China's financial markets have been experiencing tighter liquidity as a result of deliberate government policy.[Hong Kong company registration]

Tighter liquidity is, in effect, tighter monetary policy. Economist Milton Friedman believed that the best way to judge monetary policy is not by the inputs, such as the monetary policy rate, but by outputs, such as growth and inflation. This is because expectations of future policy settings, which are harder to measure, play a bigger role in driving aggregate demand than current policy settings.

Managing expectations is important. Chinese economic policy has shifted since the new leadership took over in late 2012, with a noticeable de-emphasis on GDP growth. President Xi Jinping has stated that local government officials should not be judged solely on GDP growth.

Expectations that the government is willing to let growth fall below trend is arguably more concerning than the liquidity crunch. Stock investors seem to agree. Financial stocks have fallen since the liquidity problems emerged, but they are roughly back to where they were in early 2012. However, the Shanghai composite index has fallen further, suggesting that investors fear slowing demand more than the credit crunch.[Set Up Company Hong Kong]

The central bank is actually using monetary policy to deflate a credit bubble.

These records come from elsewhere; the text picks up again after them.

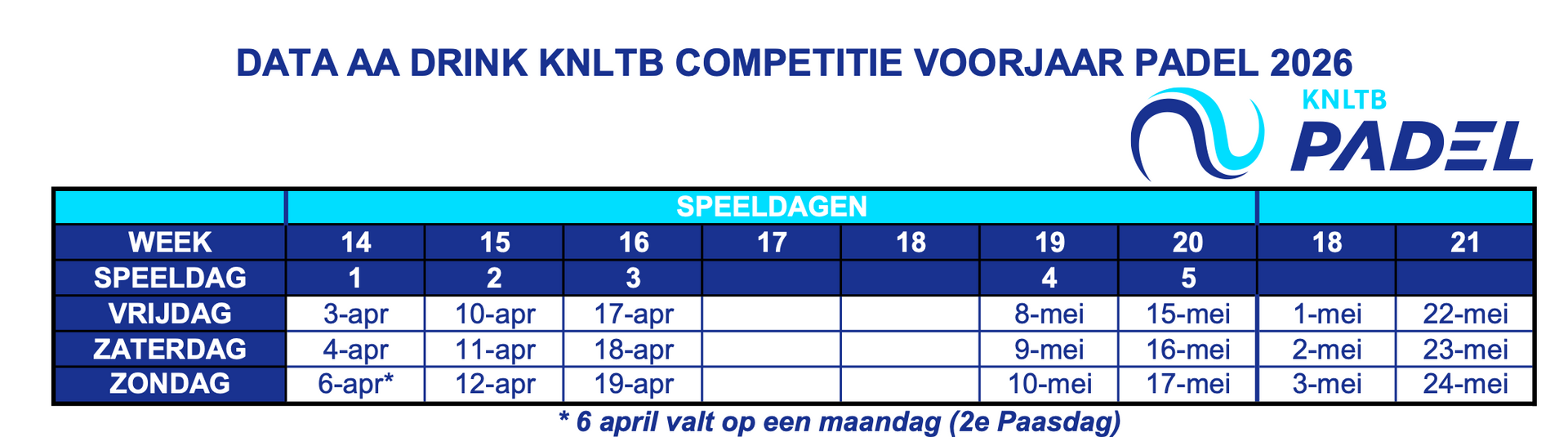 De competitie start in week 14 (begin April) en loopt tot week 20 (half Mei). Zie speeldate hieronder:
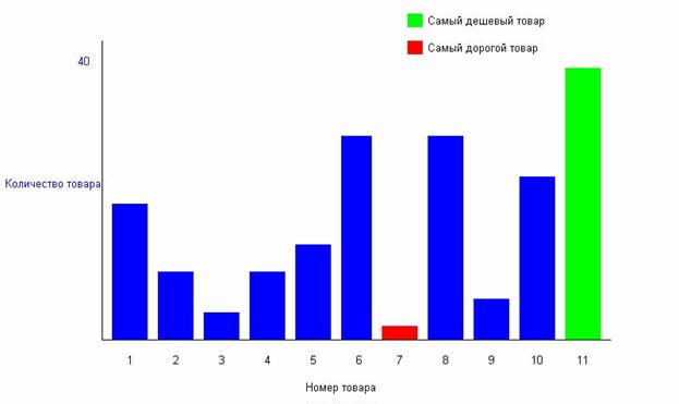 Рисунок 4.4.2 – Сообщение, выдаваемое по Alt+F1. 4.5 Изучение графических возможностей FOX PRO содержит средства создания изображений из элементов псевдографики: @ <Y1,Х1,Y2, Х2> BOX <вырC>. Команда формирует в заданных координатах рамку фон прямоугольника из любых символов, которые включены в <вырC>. Это символьное выражение может содержать до 9 символов (по 4 символа для углов и сторон прямоугольника, начиная с левого верхнего угла по часовой стрелке). @ <Y1,Х1> TO <Y2,X2>[DOUBLE/PANEL/<окантовка>] – команда формирует рамку с координатами X1, Y1 и X2, Y2. @ <Y,Х> SAY <текст> – команда выводит текст, начиная с координат X,Y. Для задания цвета во всех вышеприведенных командах используется опция COLOR с указанием необходимой цветовой схемы. Причем при описании цвета необходимо указать не только цвет элемента, которого мы хотим нарисовать, но и цвет фона, на котором производится рисование (в нашем случае – белый). В задании необходимо построить диаграмму количества товаров. Из-за недостатка места выведены не названия, а номера товаров. При этом столбец, относящийся к самому дорогому товару, нарисован красным цветом, а к самому дешевому – зеленым, о чем сказано в легенде. Полный текст программы приведен в приложении Г, а результат работы – на рисунке 4.5.1.
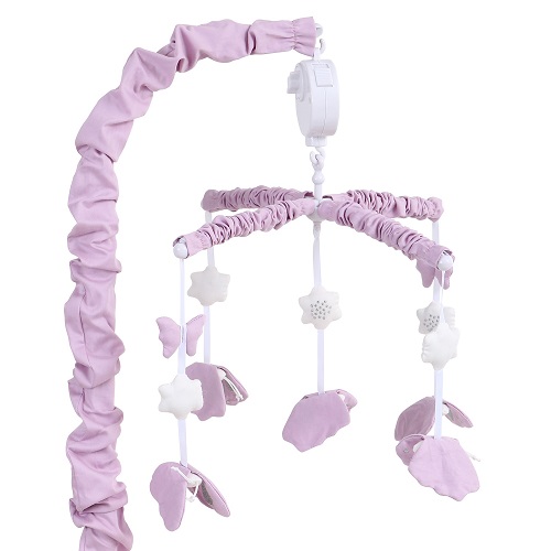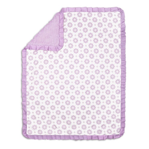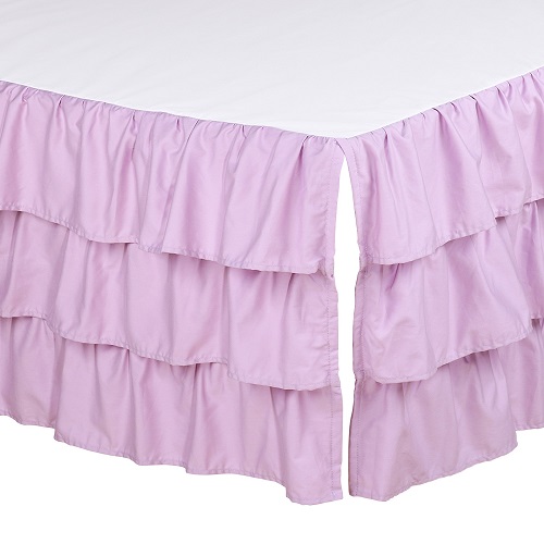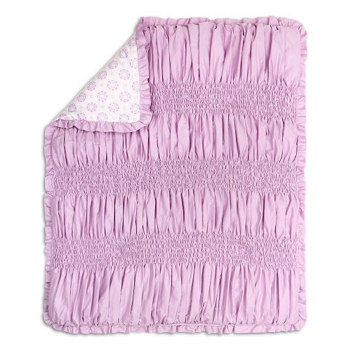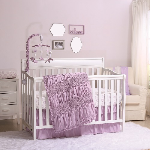Create a sweet and delicate nursery for your new arrival with The Lilac Kisses 3-Piece Crib Bedding Collection from The Peanut Shell. Dressmaker's technique of smocking is used to beautifully create a linear pattern across the lilac cotton sateen quilt. The three-layer dust ruffle adds a touch of feminine elegance without being fussy. A cotton sateen fitted sheet in silver metallic confetti dot completes the look. Compete this bedding set with a Crib Mobile. The bedding set consist of:

Estimates of total credit in China vary, but one popular measure - the stock of non-goverment, non-financial debt as a share of GDP - rose above 200 percent in early 2013, a steady rise from 140 percent at the end of 2008. This rise in credit is funded partly by "wealth management products" investments that pay higher returns than the 3 percent deposit rate.[Hong Kong Company Formation]

These products are short term - many mature in under a month - and were originally designed to help property developers weather liquidity constraints, but their scope has expanded such that an estimated 40 percent of outstanding wealth management products were collateralized with non-standard assets in 2012.